The acupuncturist said she's had great success with neuropathy like mine. I'll report back in a few weeks and let you know.

I know some of you reading this will dismiss acupuncture outright. Others might even make jokes about it. That's fine, doesn't bother me at all.

If I've learned anything from these treatments, it's that I can take a little needling.

Friday, January 31, 2014

Snow job

This is not going to play well with many of my friends. But here goes: Edward Snowden is not a hero, despite how desperately he wants you to think he is.

It's easy to see how he might've been mistaken for one. After all, he single-handedly blew the lid off the government's PRISM program to spy on all our phone calls and internet communications.

Except that he didn't.

The not so clandestine anymore PRISM surveillance program has been operating since at least 2007 with the passage of the Protect America Act under George Bush. What Edward Snowden brought to light was the scope of the operation. But, contrary to his story, he didn't stumble onto it once he had the job at NSA. His motivation wasn't pure. His aim wasn't true.

Snowden at minimum is a vulgar opportunist. He intentionally set out to get his job and top-level clearance at the NSA specifically so he could steal - and steal is the correct word - the top-secret, classified information, which by the way is a federal offense. He also stole very specific information, most of it not dealing with our phone calls being monitored, but information that would be particularly useful to foreign governments. There was nothing random in his approach. It was a systematic search of the data. Opportunist may be the nicer name for him.

Not long ago I wrote a post that talked about the balancing act between the public's right to know and the governments need for secrecy in order to do the job we ask it to do. I'm really at a loss as to why it's so shocking to some that our government would do the things Snowden suggests. The only thing I can say is have you read the papers lately?

This is the world we live in. And it has been for a long time now.

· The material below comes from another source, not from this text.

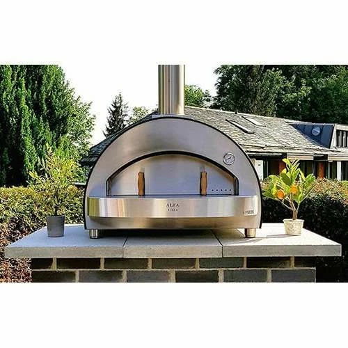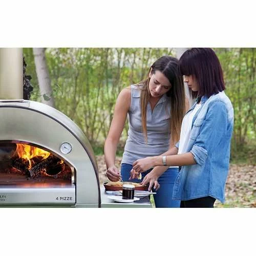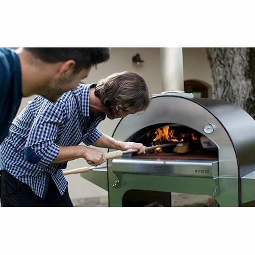 The design and performance of the Alfa 4 Pizze Pizza Oven has everyone talking. It’s Alfa’s worldwide, best-selling oven. Alfa Ovens utilize Forninox Technology that combines the properties of stainless steel with aluminum silicate refractory firebrick to achieve a fuel-efficient and relatively lightweight oven. The stainless steel dome is studied to rapidly reach operating temperature while consuming relatively little fuel. Ceramic fiber insulation maintains long-lasting warmth and helps cut down wood consumption to a minimum. This professional pizza oven features a 743 square inch refractory floor made from interchangeable tiles that are specifically designed to store heat and convey it from the bottom upwards. The dimensions and mouth of the 4 Pizze Oven are ideal to cook 4 pizzas in 90 seconds or 8.8 pounds of bread with every oven load. The wide door fitted with two ergonomic wooden handles allows adjusting the draft inside the oven by controlling the fire.

If Snowden was in fact a patriotic whistleblower, he could've done many things differently. He could have collected the information then brought it to any members of Congress not on the Senate Foreign Relations Committee or Senate Intelligence Committee (both of which have known about the program, its capabilities and its targets since the beginning) for investigation. Instead what he chose to do was flee to first China then Russia, guaranteeing that they now have a treasure trove of information regarding our surveillance of their countries. Foreign surveillance that does not impact American liberties. Snowden has said that they have not seen any of the stolen data, but that simply doesn't stand up to reason. It's the only chip he has to play.

I don't know if that makes him a traitor. At the very least it makes him a coward.

Am I comfortable with the degree of latitude the NSA has? Of course not. It definitely needs to be investigated and changes need to be made in the program. But seriously, when the Norwegian government starts talking about nominating Snowden for a Nobel Prize, something is terribly wrong.

Only one person knows what Snowden's true motivations were. And despite everything he's saying, he's not talking.